Clinical implications

  1. 1.

    In undiagnosed children with neurodysfunction from birth and micro/macro-SBS, an interview should be conducted for risk factors for perinatal brain injury and fetal alcohol exposure.

  2. 2.

    Undiagnosed children with micro/macro-SBS and neurodysfunction admitted to the Department of Neurological Rehabilitation should receive a referral to:

    1. a.

      the Outpatient Clinic/Department of Neurology to: perform an MRI of the brain and spinal cord to confirm/exclude cerebral palsy and neural tube defect; perform ENG and EMG to confirm/exclude neuromuscular diseases,

    2. b.

      the Genetic Outpatient Clinic in order to perform diagnostics to confirm/exclude genetic and neuromuscular diseases.

  3. 3.

    Children with micro/macro-SBS require an in-depth assessment of their nutritional status based on BMI and, if indicated, adequate therapeutic management.

  4. 4.

    The prognosis of motor development, as assessed by GMFCS, cannot be related to micro-SBS and macro-SBS in children with established diagnosis and neurodysfunction.
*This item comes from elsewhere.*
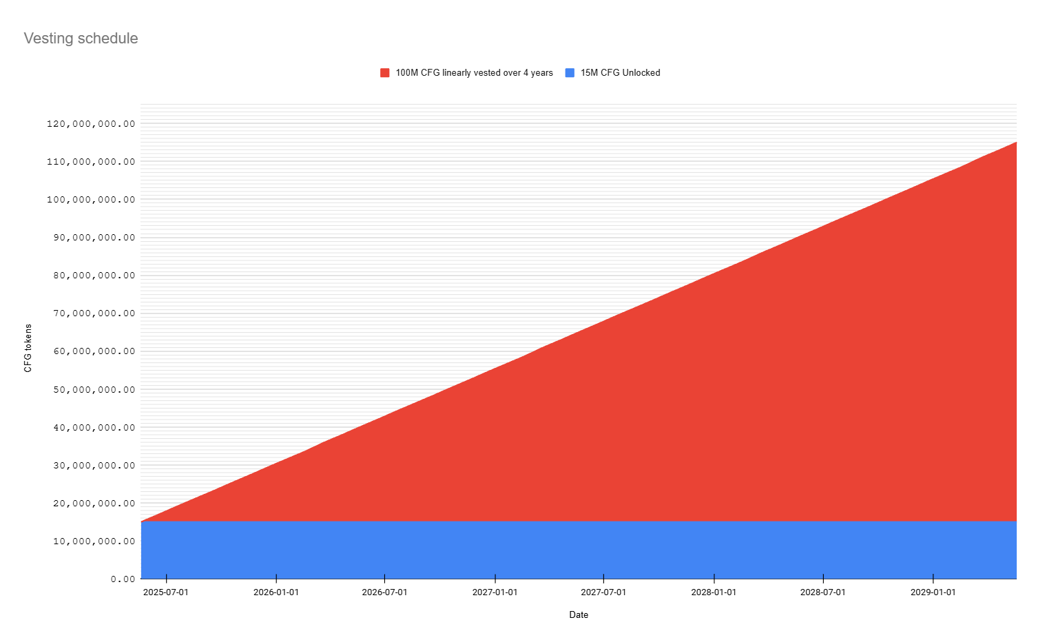 - 100,000,000 CFG will be linearly vested over a four-year period, starting from May 20, 2025. These tokens will be gradually released to align incentives and promote long-term growth of the protocol.

The claim that gross motor development will be worse (higher GMFCS score) in micro-SBS than in macro-SBS is not supported by statistically significant results.

Conclusions

  1. 1.

    Patients with micro-SBS and macro-SBS structure present abnormal differences in body proportions.

  2. 2.

    Micro-SBS and macro-SBS were not identified in patients with progressive encephalopathy.

  3. 3.

    Micro-SBS was most frequently identified in patients with spastic CP. Hemiplegia is rarely accompanied with micro-SBS and frequently with macro-SBS.

  4. 4.

    Patients receiving treatment for hydrocephaly did not present developmental defects reflected by micro/macro-SBS.

  5. 5.

    Macro-SBS co-occurred with hydrocephaly not treated surgically.